(Dataset items)
= = = = = = =

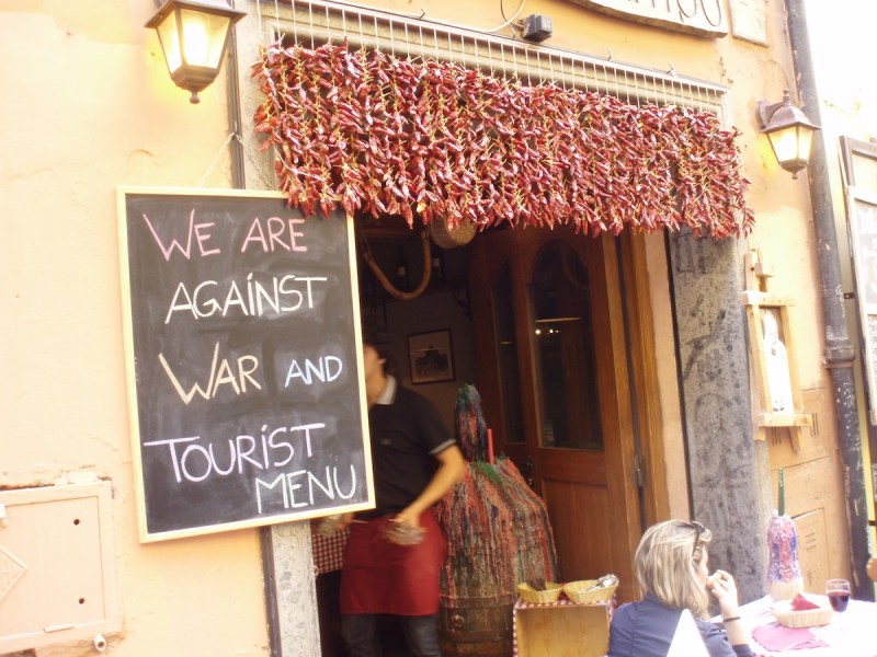 Αλλά κατά τ’ άλλα αηδίασα και ταλαιπωρήθηκα. Δεν μπορούσα να βρω Ιταλό πουθενά αλλά Πακιστανούς, Ινδούς, Κινέζους και Λιβανέζους είδα παντού. Όλοι θέλαν κάτι να μου πουλήσουν, βάζαν τριαντάφυλλα στα χέρια της γυναίκας μου και μας βγάζαν φωτογραφία με το ζόρι, για να ζητήσουν 5€ μετά. Μας βοήθησε κάποιος να βγάλουμε εισιτήρια για το καταβρώμικο μετρό, και μετά μου ζήτησε χρήματα για να πιεί καφέ. Ιταλικό εστιατόριο πουθενά. Για την ακρίβεια, υπήρχαν, ήταν τα γνωστά restaurant-παγίδες, με τη φθηνότερη πίτσα να κάνει 9€ και τα τορτελίνια να έχουν το μέγεθος κούπας του καφέ. Κανένα κέρασμα, ψωμί όταν υπήρχε ήταν ξερό, οι μάγειρες ήταν αλλοδαποί.
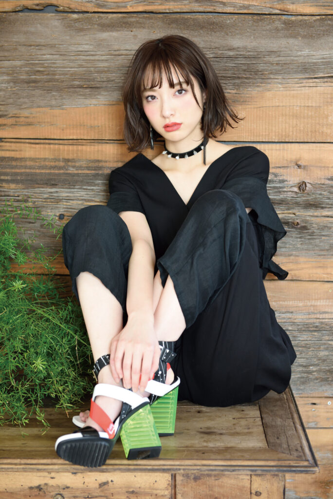 まっすぐな視線と少し力の抜けたポージングが、都会的でエフォートレスなムードを醸し出すスタイル。ウッドの背景に映えるオールブラックコーデに、リップの赤みやヘアの軽やかさが程よい女性らしさを加えています。強さと柔らかさが同居する、今の気分にぴったりのバランスです。
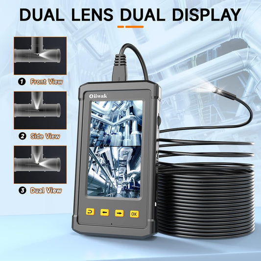 Dual Lens Endoscope for Industrial Sewer Pipe Drain Plumbing Inspection Camera Snake with Light IP68 Waterproof(15m)
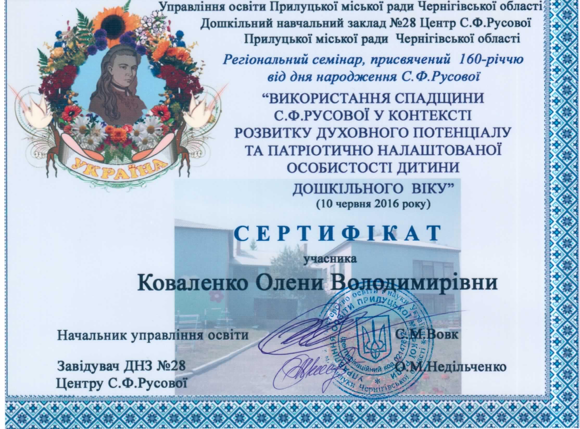 | 266 | Регіональний семінар, присвячений 160-річчю від дня народження С.Ф.Русової | Виховання дітей 'на національному грунті' за ідеями С.Ф.Русової в умовах трансформації суспільства | ДНЗ №28 Центр С..Ф. Русової |
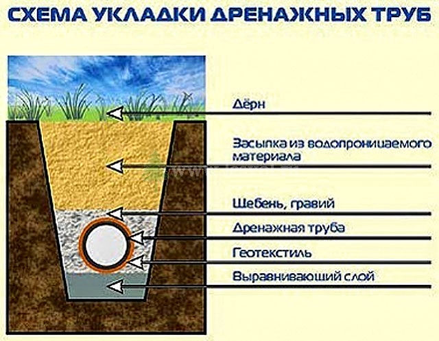 Vous devez d'abord creuser des tranchées pour installer des tuyaux de drainage. Ensuite, il est nécessaire de verser uniformément une couche de sable et de pierre concassée sur le fond afin que les communications ne s'affaissent pas ou ne se déforment pas. Exécutez toute la longueur des tuyaux et connectez-les avec des prises. Pour une meilleure étanchéité, il vaut la peine de recouvrir les joints d'une solution adhésive.
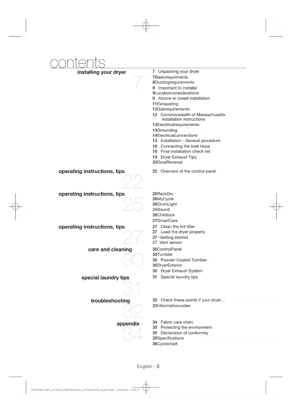 Gas and Electric Dryer user manual imagine the possibilities Thank you for purchasing this Samsung product. DV56H9100E* DV56H9100G* DV9100HA DRY_DV56H_USER MANUAL_DC68-03170K-08_EN.indd 1 2016/2/25 16:36:51English - 2 contents installing your dryer
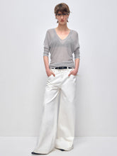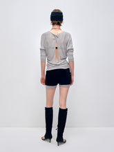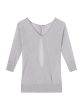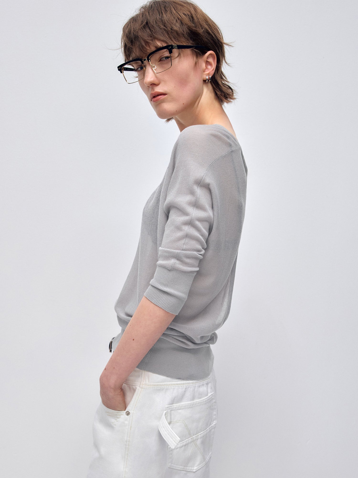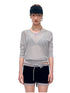 Gray Slightly Sheer V-Neck Long Sleeve Base Layer

= = = = = = =

Assigned task
Reproduce only the lines from the beginning of the data through the line that contains "С..Ф. Русової |", both included, and please drop the pictures.

Answer space
 Αλλά κατά τ’ άλλα αηδίασα και ταλαιπωρήθηκα. Δεν μπορούσα να βρω Ιταλό πουθενά αλλά Πακιστανούς, Ινδούς, Κινέζους και Λιβανέζους είδα παντού. Όλοι θέλαν κάτι να μου πουλήσουν, βάζαν τριαντάφυλλα στα χέρια της γυναίκας μου και μας βγάζαν φωτογραφία με το ζόρι, για να ζητήσουν 5€ μετά. Μας βοήθησε κάποιος να βγάλουμε εισιτήρια για το καταβρώμικο μετρό, και μετά μου ζήτησε χρήματα για να πιεί καφέ. Ιταλικό εστιατόριο πουθενά. Για την ακρίβεια, υπήρχαν, ήταν τα γνωστά restaurant-παγίδες, με τη φθηνότερη πίτσα να κάνει 9€ και τα τορτελίνια να έχουν το μέγεθος κούπας του καφέ. Κανένα κέρασμα, ψωμί όταν υπήρχε ήταν ξερό, οι μάγειρες ήταν αλλοδαποί.
 まっすぐな視線と少し力の抜けたポージングが、都会的でエフォートレスなムードを醸し出すスタイル。ウッドの背景に映えるオールブラックコーデに、リップの赤みやヘアの軽やかさが程よい女性らしさを加えています。強さと柔らかさが同居する、今の気分にぴったりのバランスです。
 Dual Lens Endoscope for Industrial Sewer Pipe Drain Plumbing Inspection Camera Snake with Light IP68 Waterproof(15m)
 | 266 | Регіональний семінар, присвячений 160-річчю від дня народження С.Ф.Русової | Виховання дітей 'на національному грунті' за ідеями С.Ф.Русової в умовах трансформації суспільства | ДНЗ №28 Центр С..Ф. Русової |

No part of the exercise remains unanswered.